##### DATA SHOWN
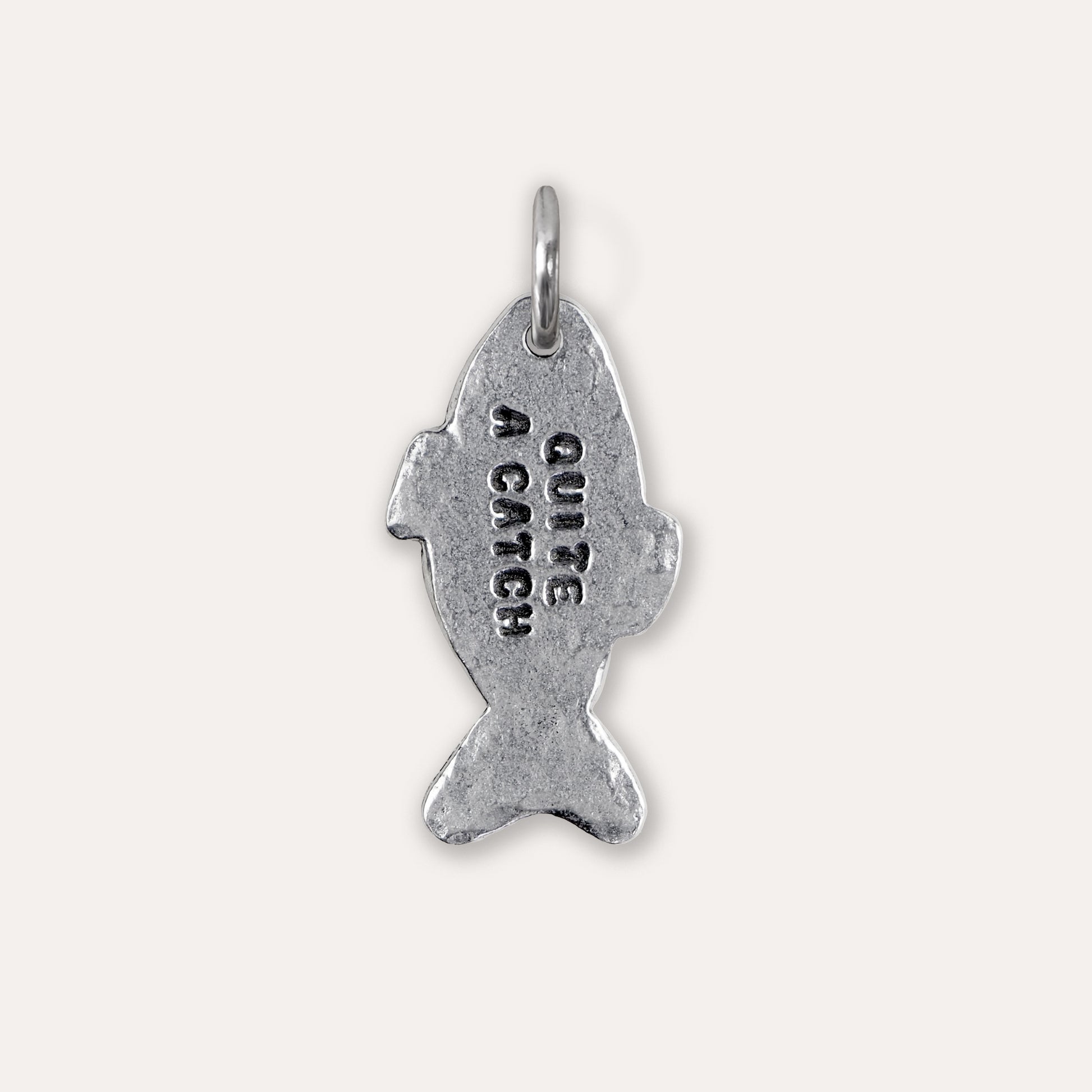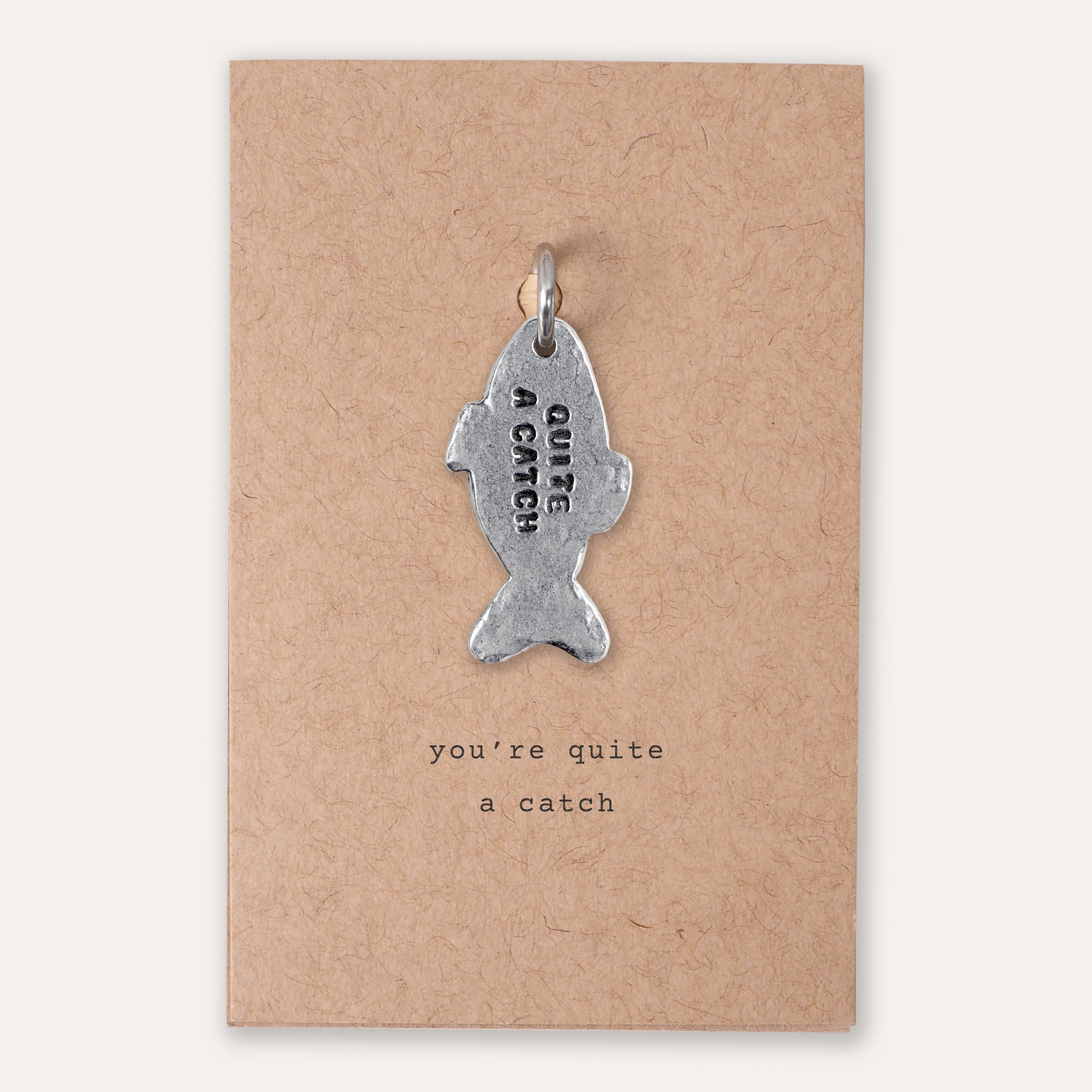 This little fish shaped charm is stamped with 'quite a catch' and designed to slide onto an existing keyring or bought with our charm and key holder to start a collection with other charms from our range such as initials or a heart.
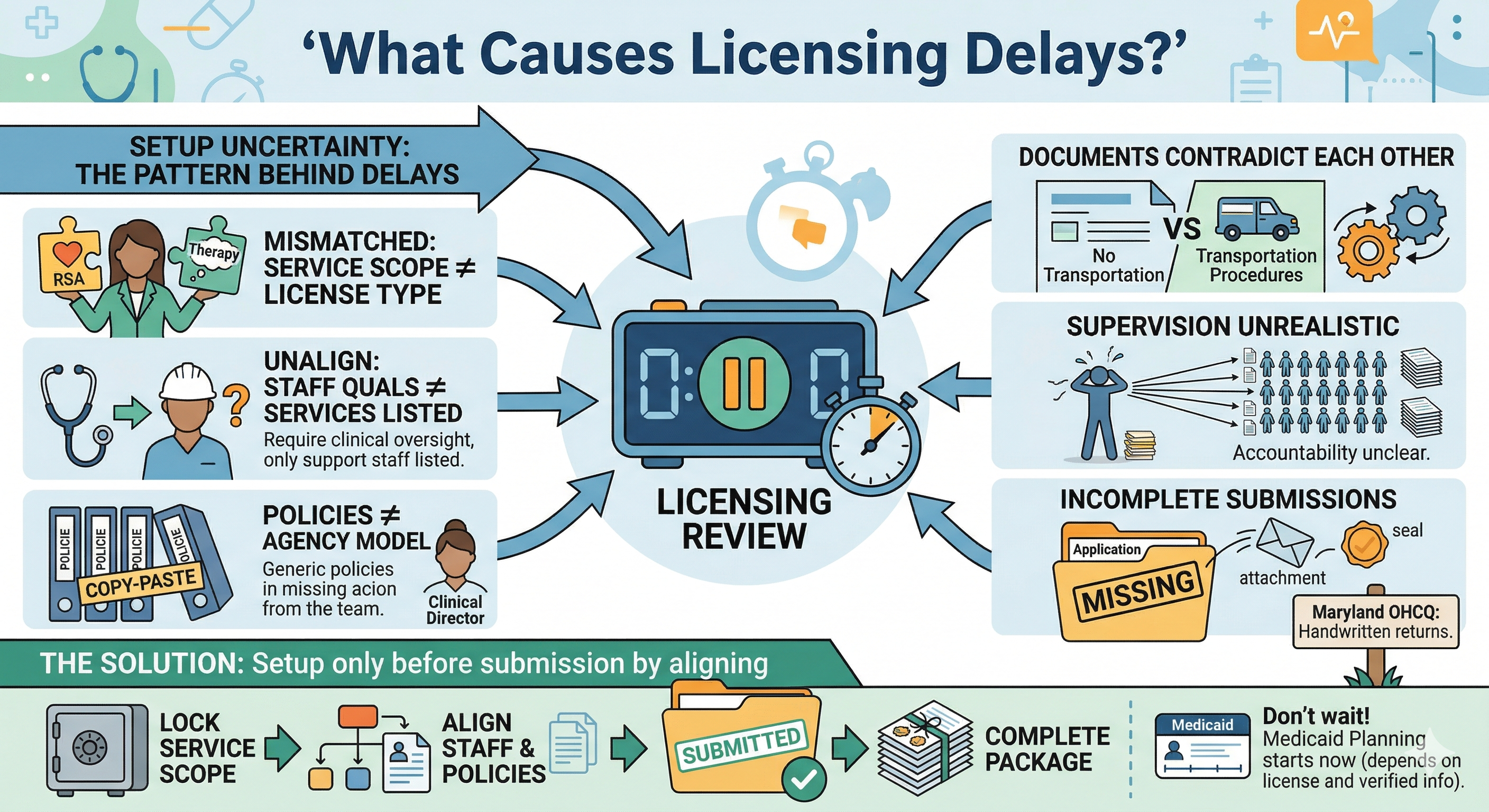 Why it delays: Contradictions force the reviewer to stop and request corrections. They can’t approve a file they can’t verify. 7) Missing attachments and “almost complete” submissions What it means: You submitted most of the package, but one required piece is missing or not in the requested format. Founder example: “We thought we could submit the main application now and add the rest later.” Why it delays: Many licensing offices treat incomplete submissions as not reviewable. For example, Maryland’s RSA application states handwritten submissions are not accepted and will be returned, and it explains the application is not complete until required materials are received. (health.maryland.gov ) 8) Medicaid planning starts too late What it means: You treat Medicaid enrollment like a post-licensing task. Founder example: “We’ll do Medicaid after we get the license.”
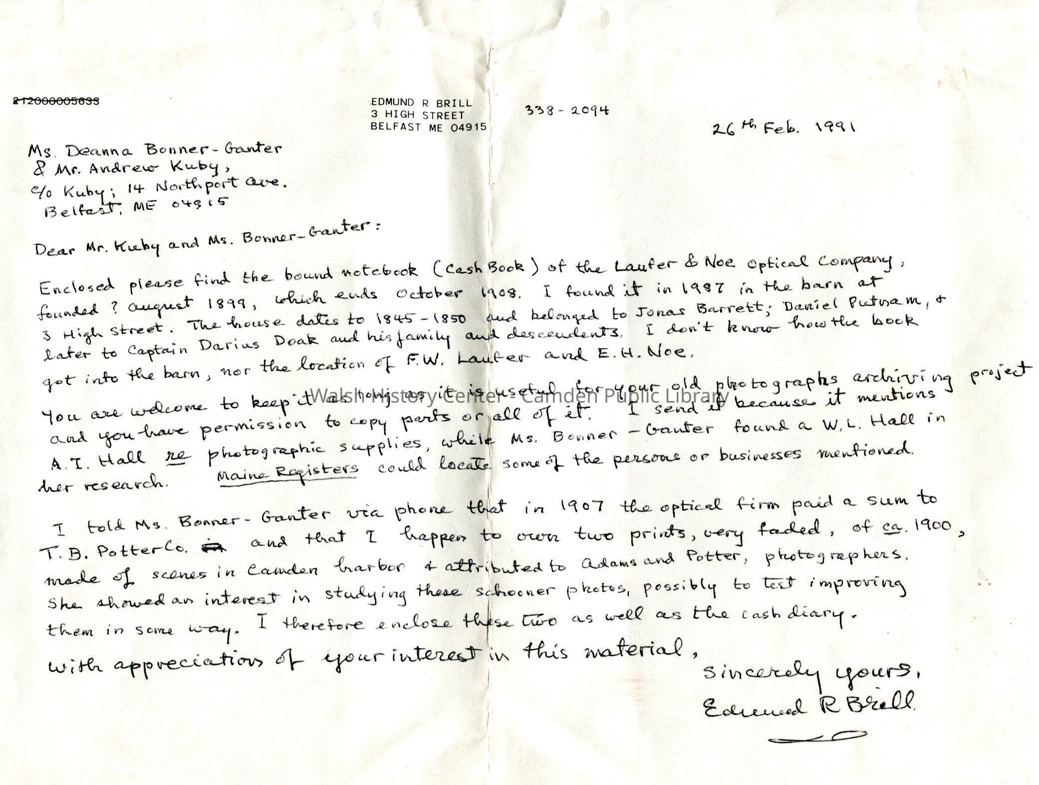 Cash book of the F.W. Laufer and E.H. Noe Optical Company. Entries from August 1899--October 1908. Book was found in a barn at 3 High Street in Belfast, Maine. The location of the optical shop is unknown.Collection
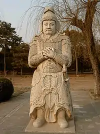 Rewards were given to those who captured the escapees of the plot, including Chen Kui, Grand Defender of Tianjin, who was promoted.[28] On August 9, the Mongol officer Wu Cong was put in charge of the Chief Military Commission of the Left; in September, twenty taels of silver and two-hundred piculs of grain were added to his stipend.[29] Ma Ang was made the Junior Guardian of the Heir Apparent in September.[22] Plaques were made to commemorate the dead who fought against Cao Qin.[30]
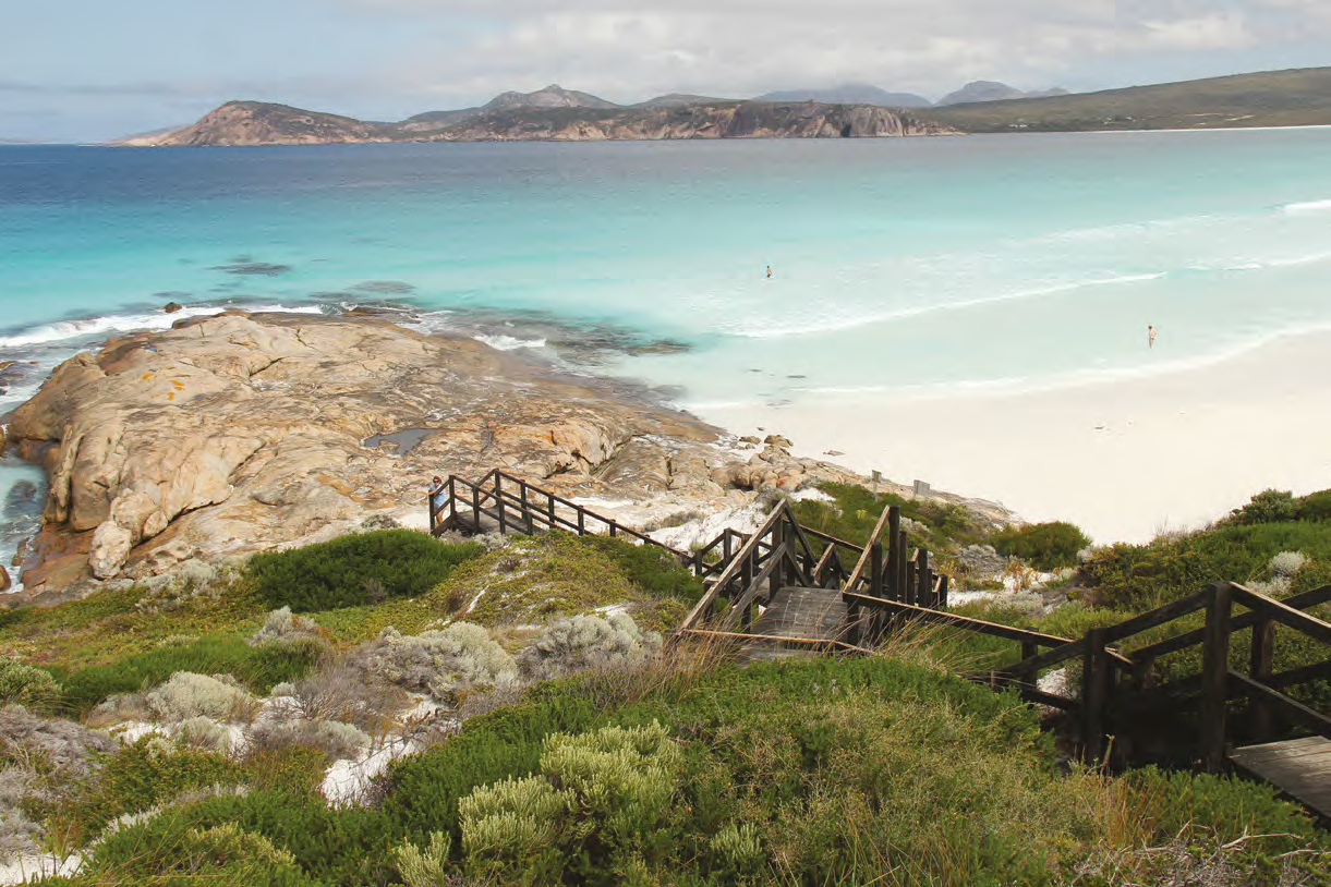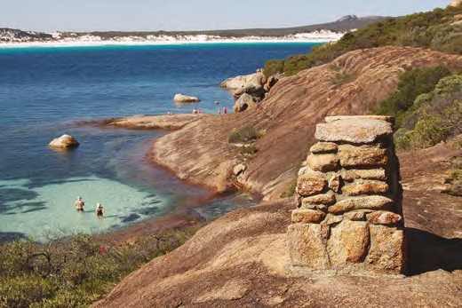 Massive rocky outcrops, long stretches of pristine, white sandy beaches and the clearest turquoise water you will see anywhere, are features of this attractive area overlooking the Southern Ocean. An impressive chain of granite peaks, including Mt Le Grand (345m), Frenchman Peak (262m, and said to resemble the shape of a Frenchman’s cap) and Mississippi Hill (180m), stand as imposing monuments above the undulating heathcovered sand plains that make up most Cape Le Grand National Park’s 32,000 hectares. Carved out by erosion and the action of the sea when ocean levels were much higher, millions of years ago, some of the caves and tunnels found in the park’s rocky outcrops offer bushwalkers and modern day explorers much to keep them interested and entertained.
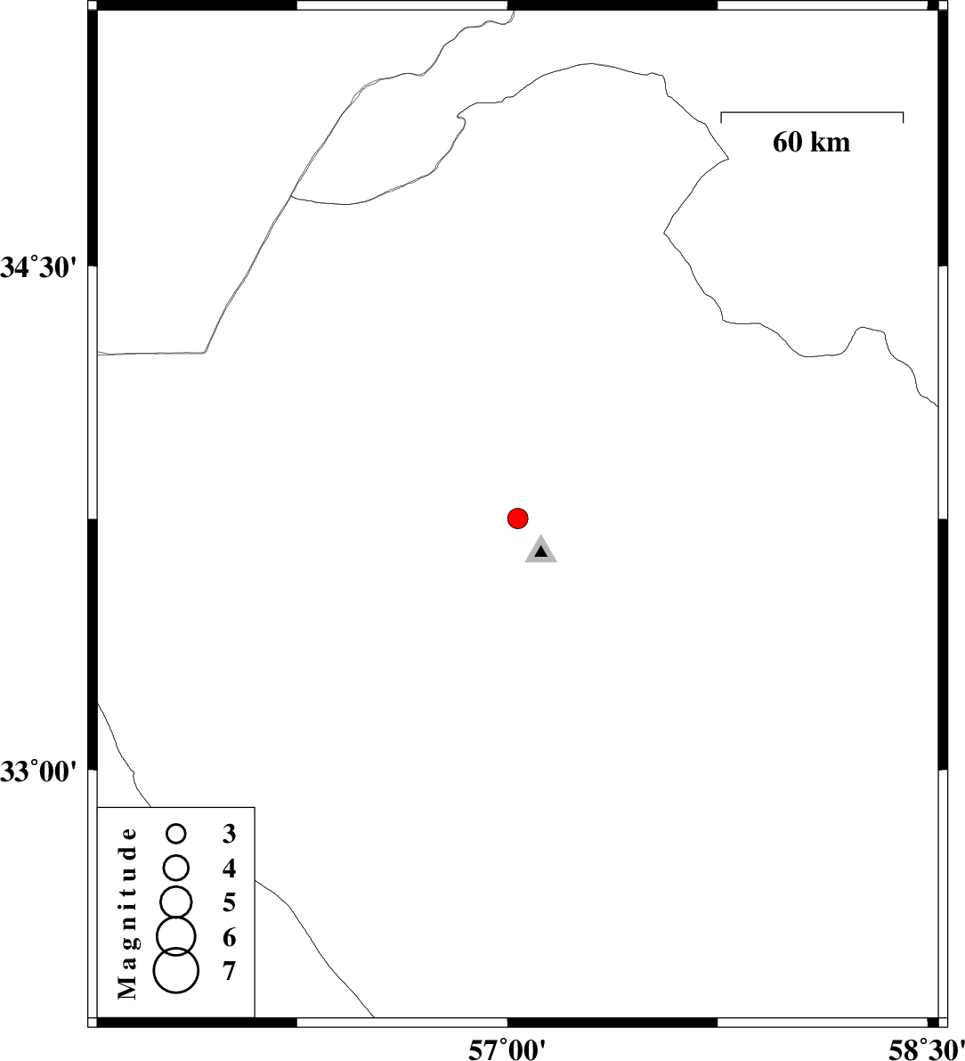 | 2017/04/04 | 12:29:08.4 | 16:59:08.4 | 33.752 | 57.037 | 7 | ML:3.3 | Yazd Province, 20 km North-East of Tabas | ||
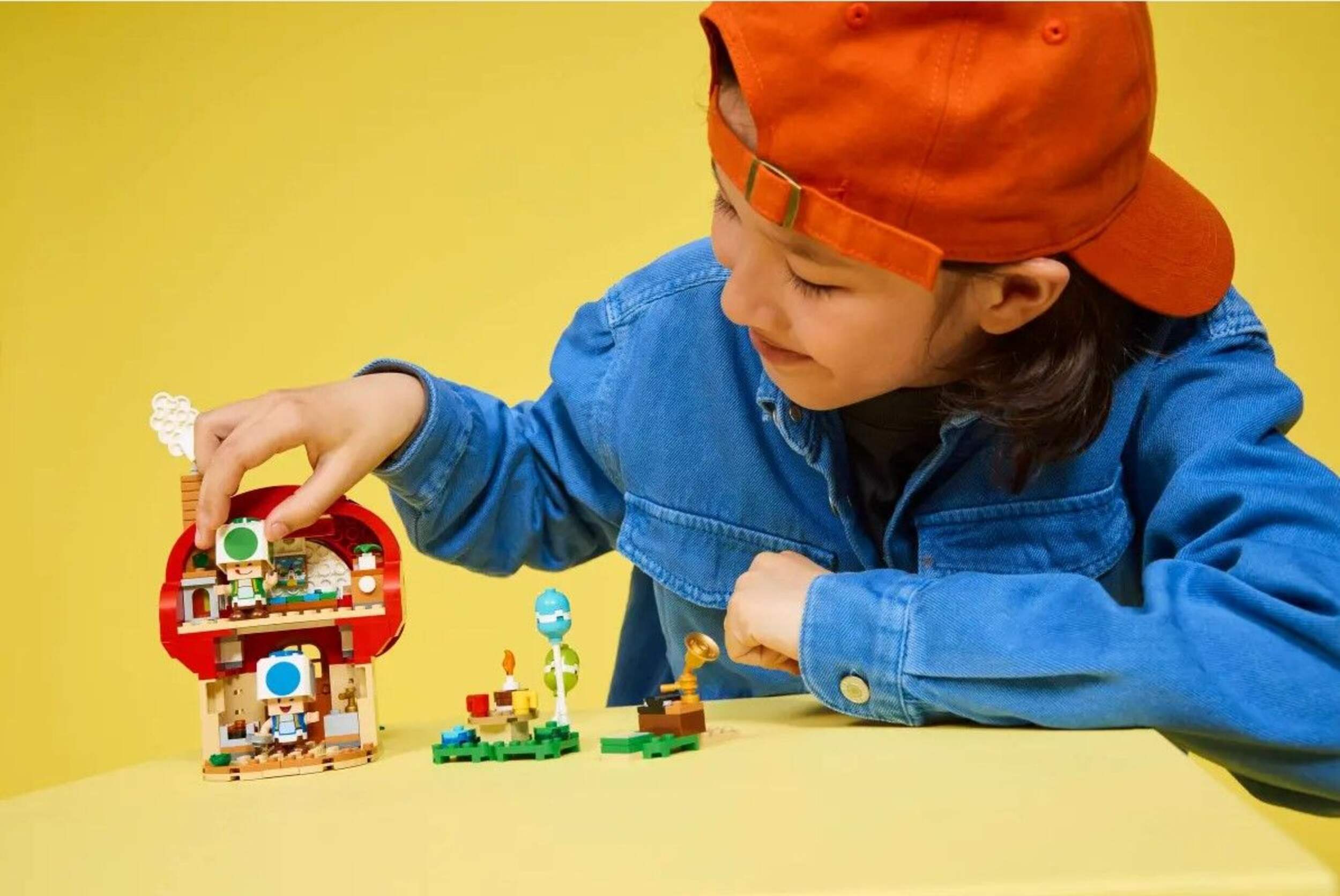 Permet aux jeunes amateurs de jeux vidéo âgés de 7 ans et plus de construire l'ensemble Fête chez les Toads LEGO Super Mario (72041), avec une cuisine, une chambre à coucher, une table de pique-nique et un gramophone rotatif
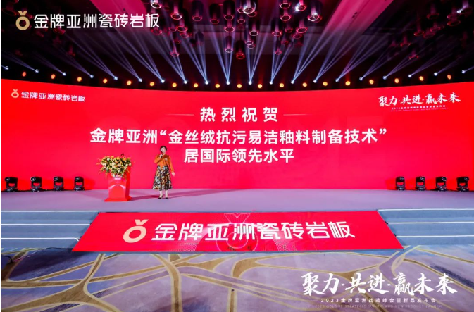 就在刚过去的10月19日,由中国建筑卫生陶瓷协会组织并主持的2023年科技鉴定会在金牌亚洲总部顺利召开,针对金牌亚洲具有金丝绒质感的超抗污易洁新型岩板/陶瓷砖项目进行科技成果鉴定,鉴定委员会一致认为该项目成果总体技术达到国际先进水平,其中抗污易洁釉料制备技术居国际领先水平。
##########
Starting with the line that contains "Permet aux jeunes", print every remaining line of the records above, exactly as it stands. Do not print the pictures.

 Permet aux jeunes amateurs de jeux vidéo âgés de 7 ans et plus de construire l'ensemble Fête chez les Toads LEGO Super Mario (72041), avec une cuisine, une chambre à coucher, une table de pique-nique et un gramophone rotatif
 就在刚过去的10月19日,由中国建筑卫生陶瓷协会组织并主持的2023年科技鉴定会在金牌亚洲总部顺利召开,针对金牌亚洲具有金丝绒质感的超抗污易洁新型岩板/陶瓷砖项目进行科技成果鉴定,鉴定委员会一致认为该项目成果总体技术达到国际先进水平,其中抗污易洁釉料制备技术居国际领先水平。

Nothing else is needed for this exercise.